1. ノアカリ県ラジゴンジ・ユニオン、アランディノゴル村にて
 
 長距離バスやオートリキシャの往来が激しいラジゴンジ中心街を折れて、青々とした田園を横切る村道をオートリキシャで10分ほど進むと、右手に見慣れたドカン(雑貨屋)と小さな橋が見えてくる。橋を渡るとすぐ右手に見える掘っ立て小屋は破壊されたヒンドゥー寺院、左手には警官隊が24時間体制で待機しているテントが張られている。

  Noakhali 2-6

 今年3月以降、ヒンドゥー教徒などマイノリティへの攻撃が全国各地で多発している中、バングラデシュ政府は食料などの緊急支援物資の被害者への提供に加え、村人や寺院などがこれ以上攻撃されないよう警官隊を常駐させているのだ。

 このコミュニティを初めて訪れた3月上旬には、徹底的に破壊された家々や寺院の跡が痛々しく、集落は焼け焦げた匂いで満ちていた。あれから2ヶ月半。今や集落の全ての家庭が、政府が配給したトタンでつくられた小屋で風雨をしのげている。しかし、小屋の中にはまだ殆どモノはない。

  Noakhali 2-7

 この集落の大学生に対して、焼かれてしまった教科書やノートを買うお金として5,000タカ(約5,000円)ずつを手渡してたことは、以前の記事で触れた。4月中旬に彼らと再会したとき、新品の分厚い教科書を見せてくれたビカッシュ君は、「家の修理も大体目処がついたので、今は学校に通えています」と笑顔で語ってくれた。「バングラデシュの未来をつくるのは、君たち大学生だからね」と声をかけながら交わした握手の力強さは、僕の手にしっかりと残っている。
 
  Noakhali2-5

 この集落を訪問する都度、手渡した1万タカなり2万タカがどのように使われたのか、各家庭を回って確認してきた。よく耳にするのは、ドアや柱といった家の資材、ベットや椅子などの家具、あるいは医薬品の購入に当てたというはなし。コミュニティの人々は酷い人災に見舞われたが、不幸中の幸いだったのは、けが人や死者が出なかったこと。つまり、住環境さえ整えば、それぞれの学校や職場に復帰でき、自らの力で何とか生き抜いていくことはできるだろう。
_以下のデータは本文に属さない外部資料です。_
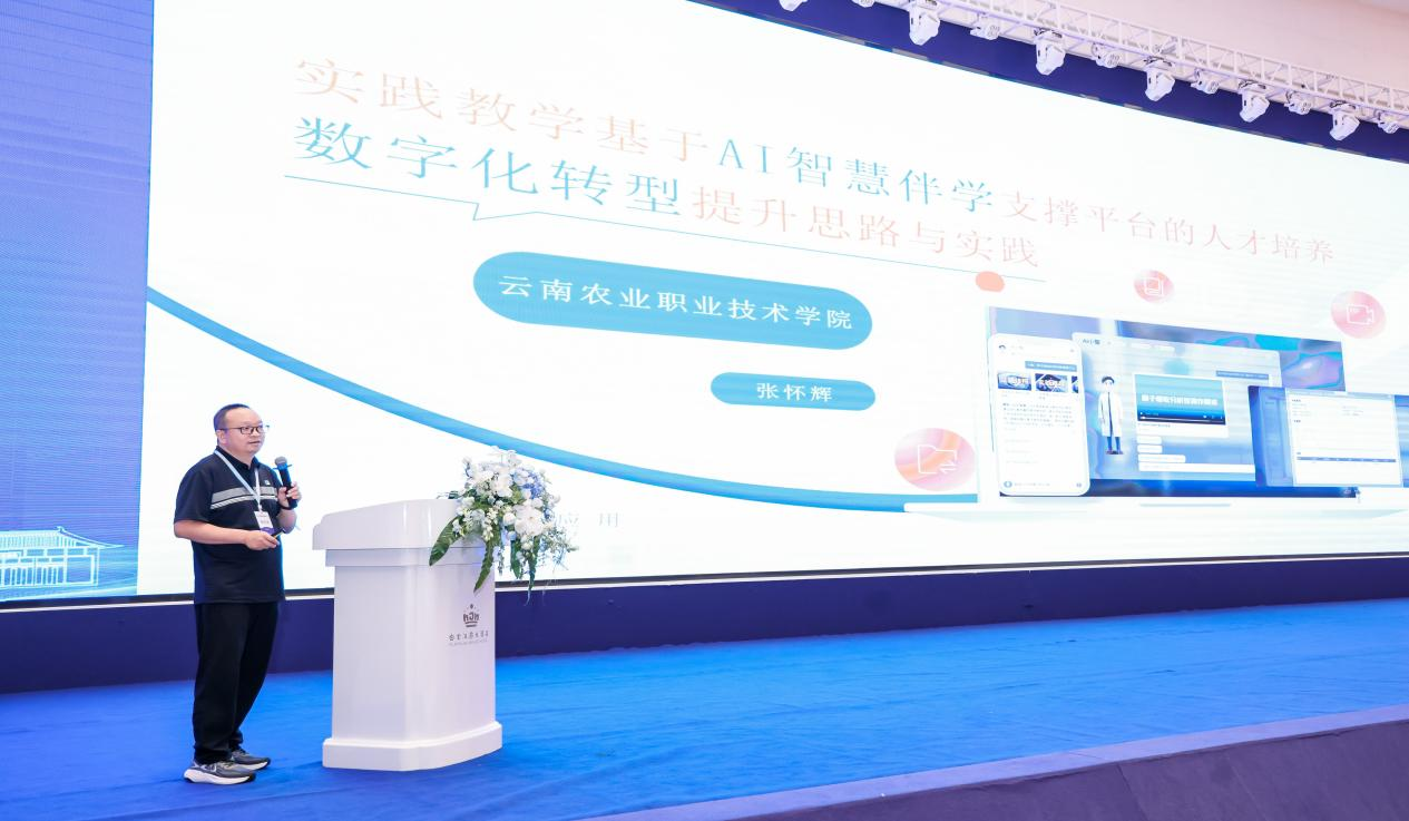 8月6日上午同期举办食品检验检测产教融合、环境监测产教融合、生物医药产教融合、建筑数智化技术赋能教学质量升级创新发展、职业院校国产仪器设备高质量发展等五大分论坛。张怀辉老师在食品检验检测产教融合分论坛上作了《实践教学基于AI智慧伴学支撑平台的人才培养数字化转型提升思路与实践》的专题报告。

 問題は、彼らの日当や給与レベルでは、家族の「衣」と「食」を賄うだけで精一杯であるため、まとまった家財道具を取り揃える余裕が生まれないことだ。何しろ、親の代から受け継いできた資産の全てを失った人が殆どなのだから。こうした状況を少しでも変えるために、現地のパートナーであるNGO、Ghandhi Asram Trustのスタッフの皆さんの力も借りて、被害を受けたコミュニティの40家族に対して提供したのが「Happy Box」と名づけたダンボール箱だ。

  Noakhali2-3

 「Happy Box」には、5人家族向けのグラス、お皿、トイレを流すための桶、洗濯やシャワーに使う大き目のバケツ、水がめ、お米を蒸すための釜、カレーを調理する際に使う調理用スプーン、そして蚊帳といった、バングラデシュの一般家庭には必ず備わっている生活必需品が詰っている。NGOのスタッフが卸売業者から大量に仕入れ、各家庭ごとにパケットにして段ボール箱に詰めてくれたのだ。4月中旬に村を訪問した折には、「Happy Box」を荷台に山積みにしたトラックで乗り込み、各家庭に直接届けて回った。ちなみに、一箱分に要した金額は4,280タカだ。

  Noakhali2-4

 また、今後雨季が本格化するなかで集落の衛生環境の悪化が懸念されるところ、コミュニティの公衆衛生を改善するために、各家庭に一つ新品のトイレを設置するとともに、5月半ばに訪問した際には、石鹸を200個買い込んで集落に持ち込み、各家庭に配布した。トイレの整備にはまとまった資金が必要なため後回しにされがちだが、現状のような“垂れ流し”の状況が続けば、病気の蔓延につながりかねない。また資金に余裕のある一部の家だけが据え付けたとしても、狭い土地に100人以上が住んでいるコミュニティの衛生環境は改善しない。そして、病はせっかく軌道に乗った復興に水を差す。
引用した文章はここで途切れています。